Aim of the exercise:
Every entry in the data is to be written out exactly; no picture belongs in the copy.
◆ ◆ ◆
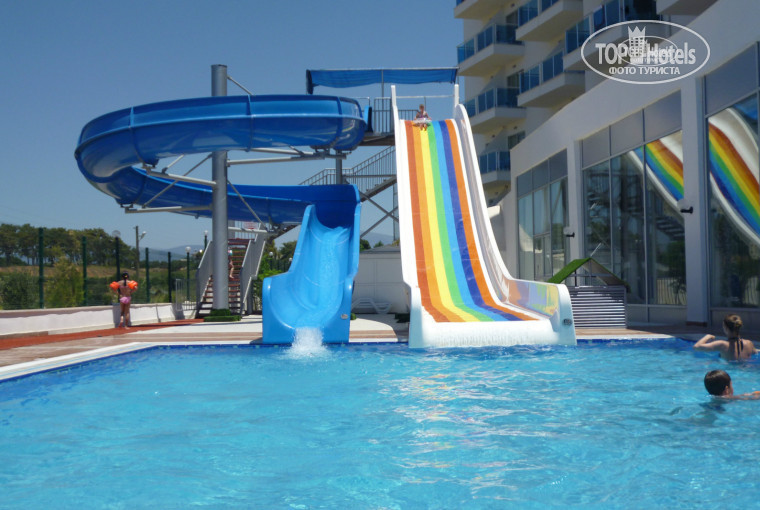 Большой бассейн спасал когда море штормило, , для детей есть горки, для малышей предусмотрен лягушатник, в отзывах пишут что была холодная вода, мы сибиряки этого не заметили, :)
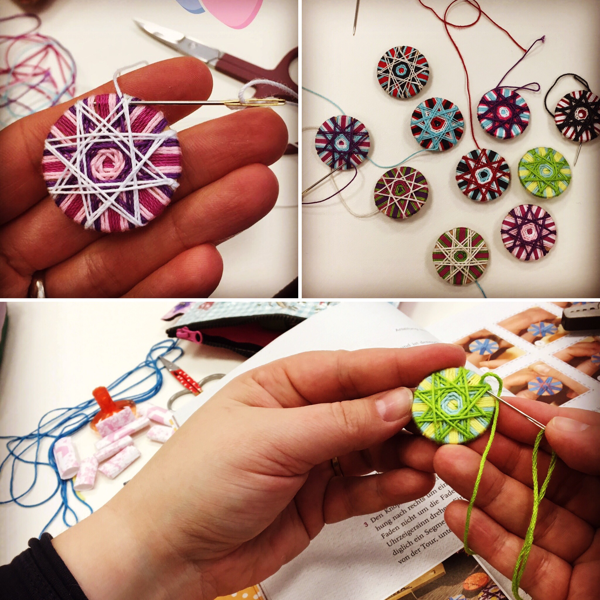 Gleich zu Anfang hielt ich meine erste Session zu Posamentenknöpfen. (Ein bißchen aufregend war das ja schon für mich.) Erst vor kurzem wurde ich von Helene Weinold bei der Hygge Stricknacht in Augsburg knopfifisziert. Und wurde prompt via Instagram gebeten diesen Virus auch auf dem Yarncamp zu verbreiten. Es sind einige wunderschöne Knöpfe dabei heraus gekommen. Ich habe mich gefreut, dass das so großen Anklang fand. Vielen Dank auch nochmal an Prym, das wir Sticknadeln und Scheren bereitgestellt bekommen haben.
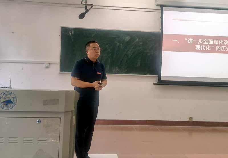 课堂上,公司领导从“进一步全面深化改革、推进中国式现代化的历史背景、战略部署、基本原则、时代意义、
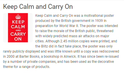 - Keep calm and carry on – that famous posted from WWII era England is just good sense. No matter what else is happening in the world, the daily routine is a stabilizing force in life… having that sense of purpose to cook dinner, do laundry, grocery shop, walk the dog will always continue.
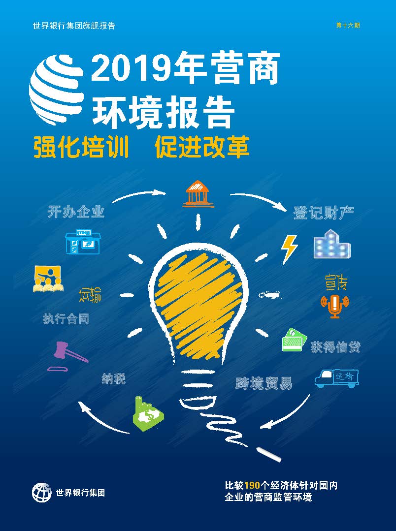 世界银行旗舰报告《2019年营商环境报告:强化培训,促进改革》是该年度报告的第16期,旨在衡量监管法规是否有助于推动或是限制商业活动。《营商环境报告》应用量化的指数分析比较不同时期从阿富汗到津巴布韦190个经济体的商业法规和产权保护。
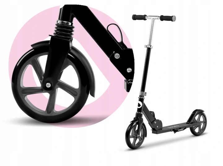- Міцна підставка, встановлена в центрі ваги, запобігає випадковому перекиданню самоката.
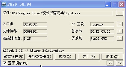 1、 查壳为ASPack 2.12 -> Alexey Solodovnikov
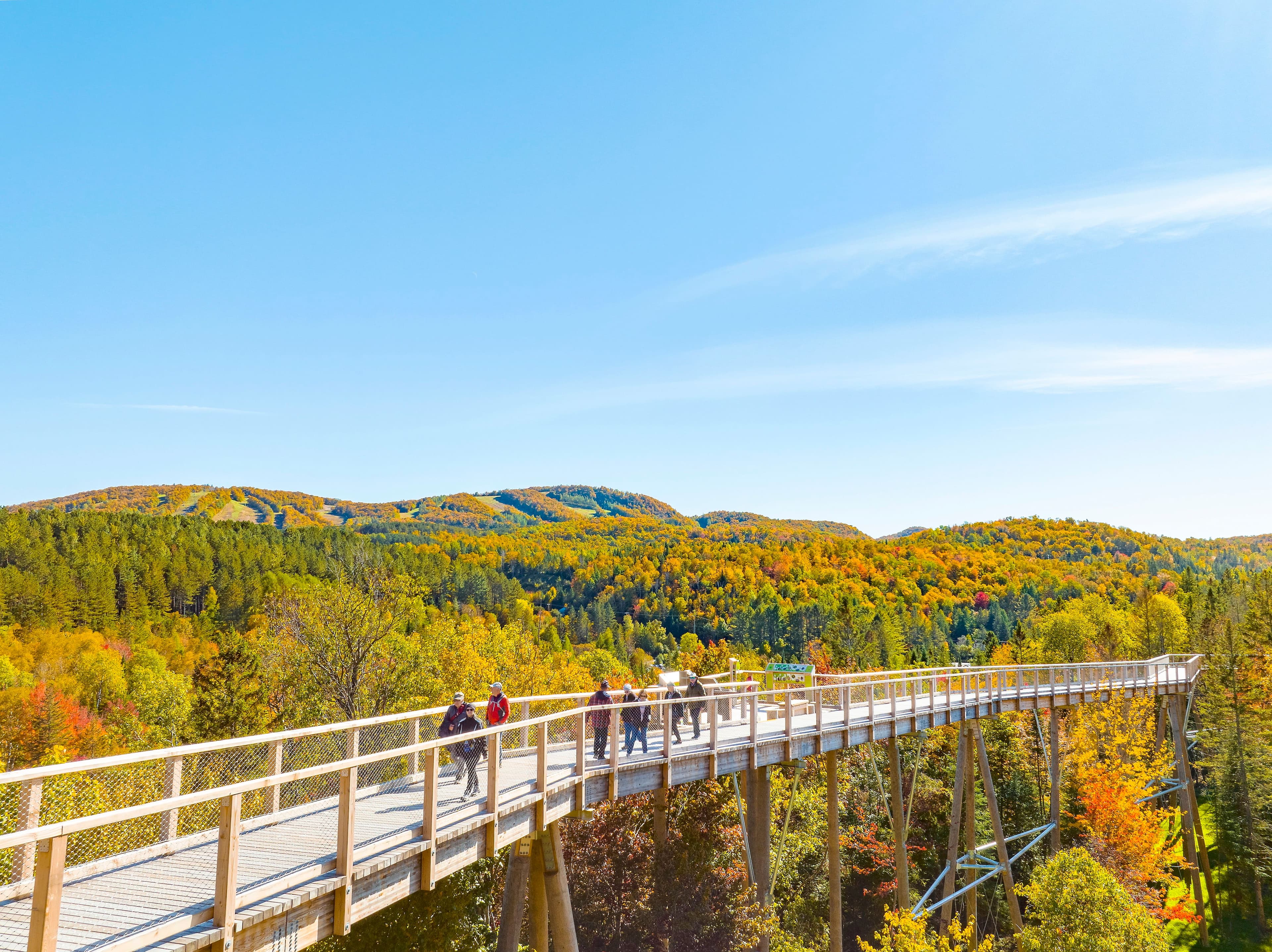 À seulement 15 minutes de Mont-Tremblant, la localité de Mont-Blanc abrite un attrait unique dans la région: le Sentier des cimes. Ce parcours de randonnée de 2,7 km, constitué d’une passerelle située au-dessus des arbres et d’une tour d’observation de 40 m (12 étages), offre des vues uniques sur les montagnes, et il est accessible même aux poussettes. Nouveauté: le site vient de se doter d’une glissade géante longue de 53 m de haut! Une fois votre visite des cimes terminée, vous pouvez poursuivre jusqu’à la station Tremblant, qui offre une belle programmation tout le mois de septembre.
◆ ◆ ◆
Answer area:
 Большой бассейн спасал когда море штормило, , для детей есть горки, для малышей предусмотрен лягушатник, в отзывах пишут что была холодная вода, мы сибиряки этого не заметили, :)
 Gleich zu Anfang hielt ich meine erste Session zu Posamentenknöpfen. (Ein bißchen aufregend war das ja schon für mich.) Erst vor kurzem wurde ich von Helene Weinold bei der Hygge Stricknacht in Augsburg knopfifisziert. Und wurde prompt via Instagram gebeten diesen Virus auch auf dem Yarncamp zu verbreiten. Es sind einige wunderschöne Knöpfe dabei heraus gekommen. Ich habe mich gefreut, dass das so großen Anklang fand. Vielen Dank auch nochmal an Prym, das wir Sticknadeln und Scheren bereitgestellt bekommen haben.
 课堂上,公司领导从“进一步全面深化改革、推进中国式现代化的历史背景、战略部署、基本原则、时代意义、
 - Keep calm and carry on – that famous posted from WWII era England is just good sense. No matter what else is happening in the world, the daily routine is a stabilizing force in life… having that sense of purpose to cook dinner, do laundry, grocery shop, walk the dog will always continue.
 世界银行旗舰报告《2019年营商环境报告:强化培训,促进改革》是该年度报告的第16期,旨在衡量监管法规是否有助于推动或是限制商业活动。《营商环境报告》应用量化的指数分析比较不同时期从阿富汗到津巴布韦190个经济体的商业法规和产权保护。
- Міцна підставка, встановлена в центрі ваги, запобігає випадковому перекиданню самоката.
 1、 查壳为ASPack 2.12 -> Alexey Solodovnikov
 À seulement 15 minutes de Mont-Tremblant, la localité de Mont-Blanc abrite un attrait unique dans la région: le Sentier des cimes. Ce parcours de randonnée de 2,7 km, constitué d’une passerelle située au-dessus des arbres et d’une tour d’observation de 40 m (12 étages), offre des vues uniques sur les montagnes, et il est accessible même aux poussettes. Nouveauté: le site vient de se doter d’une glissade géante longue de 53 m de haut! Une fois votre visite des cimes terminée, vous pouvez poursuivre jusqu’à la station Tremblant, qui offre une belle programmation tout le mois de septembre.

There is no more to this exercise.